A DbSet is defined for this type:

public DbSet<Patient> Patients { get; set; }

In EF 2.2, when I added a new Patient, the Id would be automatically generated when the object was added to the DbSet:

// newPatient.Id -> 00000000-0000-0000-0000-000000000000
ctx.Patients.Add(newPatient);
// newPatient.Id -> C1D5ACB8-A4C9-4680-AF2F-BF5E5B0AC1B6     <=== GUID generated

Now, in EF 3.1, the Id is not being automatically generated upon Add:

// newPatient.Id -> 00000000-0000-0000-0000-000000000000
ctx.Patients.Add(newPatient);
// newPatient.Id -> 00000000-0000-0000-0000-000000000000     <=== still an empty GUID

This obviously breaks my code.

In EF Core 3.0 there is a breaking change "String and byte array keys are not client-generated by default". However, this breaking change indicates string and byte array keys, not GUID keys.
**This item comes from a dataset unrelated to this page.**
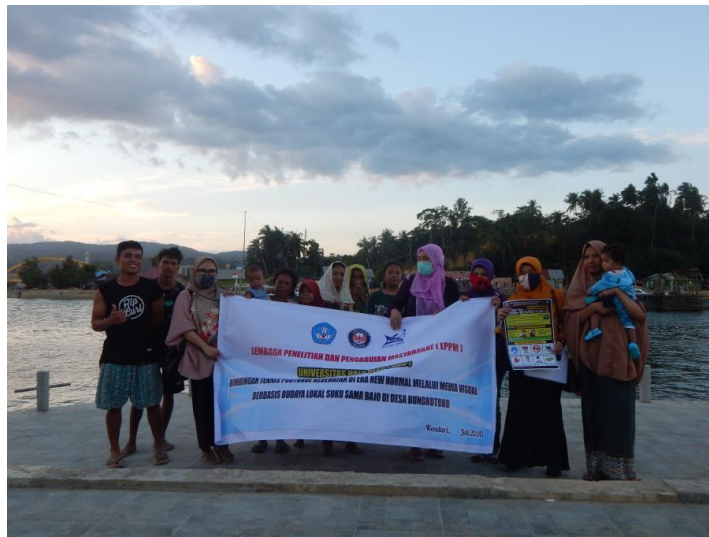
Gambar 10. Foto Bersama di Akhir Kegiatan Tim Pengabdian dan Masyarakat Sama Bajo Bungkutoko

Setelah kegiatan bimtek dilakukan, tim pengabdian bersama-sama masyarakat Sama Bajo Bungkutoko sasaran kegiatan melakukan foto bersama (Gambar 10). Tim pengabdian sangat berterima kasih atas penerimaan masyarakat Sama Bajo Bungkutoko dalam kegiatan pengabdian ini.

Also, I have tried the recommended mitigations with FluentAPI and Data Annotations and it does not resolve my issue (still no GUID generated).

I am using the dotConnect for Oracle database provider v9.11. I did not find any breaking changes there that would affect this.

Of course I can explicitly assign a GUID Id in my code, but I'd like to make this work as it did before in EF Core 2.2.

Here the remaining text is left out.